Published on Dec 17, 2015


Wireless Integrated Network Sensors (WINS) now provide a new monitoring and control capability for monitoring the borders of the country. Using this concept we can easily identify a stranger or some terrorists entering the border. The border area is divided into number of nodes. Each node is in contact with each other and with the main node. The noise produced by the foot-steps of the stranger are collected using the sensor.

This sensed signal is then converted into power spectral density and the compared with reference value of our convenience. Accordingly the compared value is processed using a microprocessor, which sends appropriate signals to the main node. Thus the stranger is identified at the main node. A series of interface, signal processing, and communication systems have been implemented in micro power CMOS circuits. A micro power spectrum analyzer has been developed to enable low power operation of the entire WINS system.

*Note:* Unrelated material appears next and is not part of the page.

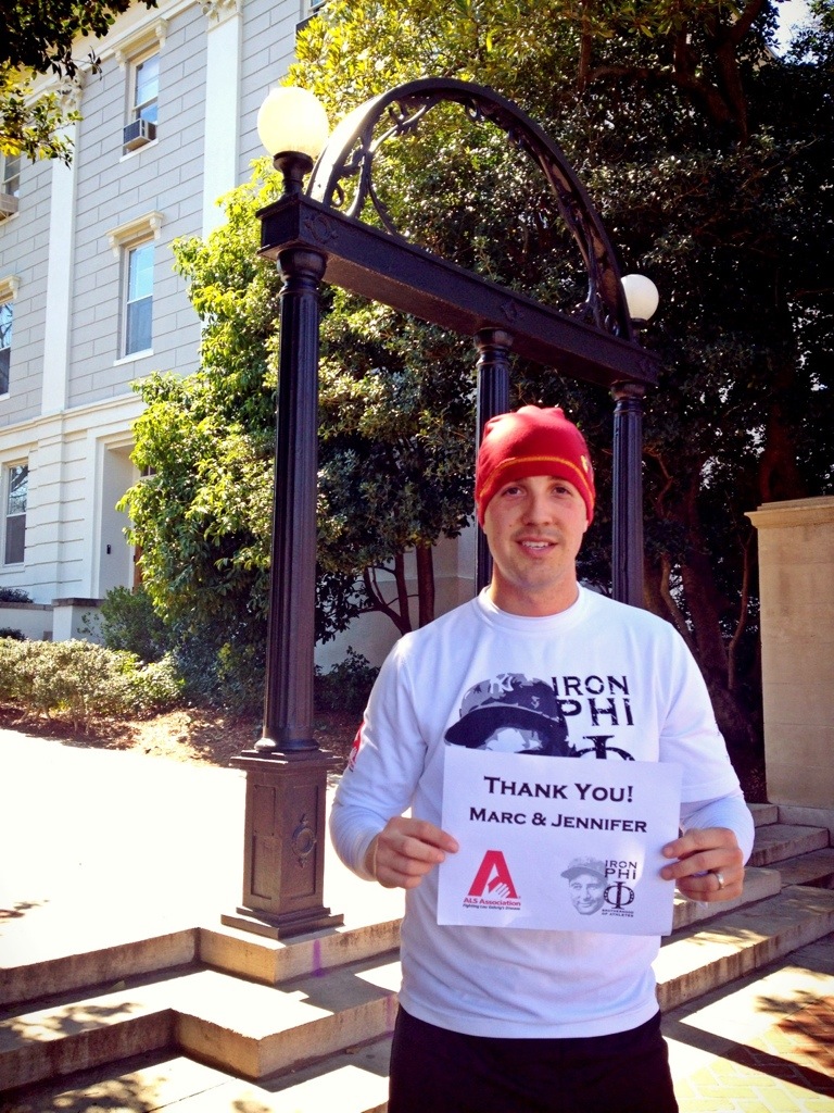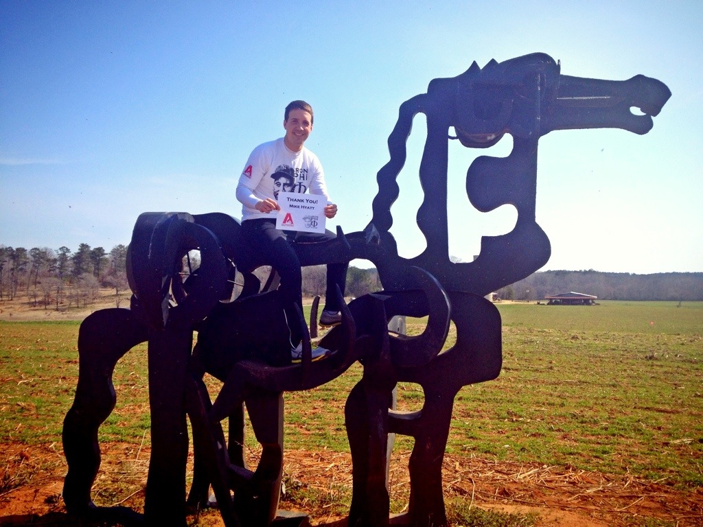 The Iron Horse Statue was first located at the University of Georgia, but because of numerous pranks by students, the horse was moved away from campus. Here, I was able to thank Mike Hyatt for his donation. Mike is one of Phi Delta Theta’s Province Presidents (regional volunteers), and he lives in Texas. We enjoy chatting Big 12 sports as Mike is an Oklahoma State Cowboy. Mike, thanks for your donation. The Iron Horse was definitely the spotlight landmark for the trip, and I enjoyed sharing it with you. For those who are wondering why an Iron Horse, I’ve raised funds for Lou Gehrig’s disease during this trip, and Lou Gehrig was known as the Iron Horse. It was a very symbolic stop.
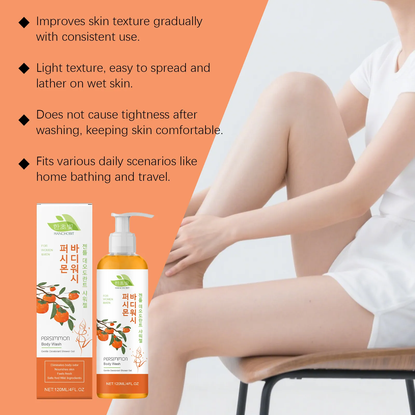 nourishing shower gel, persimmon body wash, hydrating shower gel, gentle body cleanser, daily body wash, sensitive skin shower gel, refreshing fragrance body wash, Hanchobit body care

Thus WINS require a Microwatt of power. But it is very cheaper when compared to other security systems such as RADAR under use. It is even used for short distance communication less than 1 Km. It produces a less amount of delay. Hence it is reasonably faster. On a global scale, WINS will permit monitoring of land, water, and air resources for environmental monitoring. On a national scale, transportation systems, and borders will be monitored for efficiency, safety, and security.


Wireless Integrated Network Sensors (WINS) combine sensing, signal processing, decision capability, and wireless networking capability in a compact, low power system. Compact geometry and low cost allows WINS to be embedded and distributed at a small fraction of the cost of conventional wireline sensor and actuator systems. On a local, wide-area scale, battlefield situational awareness will provide personnel health monitoring and enhance security and efficiency. Also, on a metropolitan scale, new traffic, security, emergency, and disaster recovery services will be enabled by WINS. On a local, enterprise scale, WINS will create a manufacturing information service for cost and quality control.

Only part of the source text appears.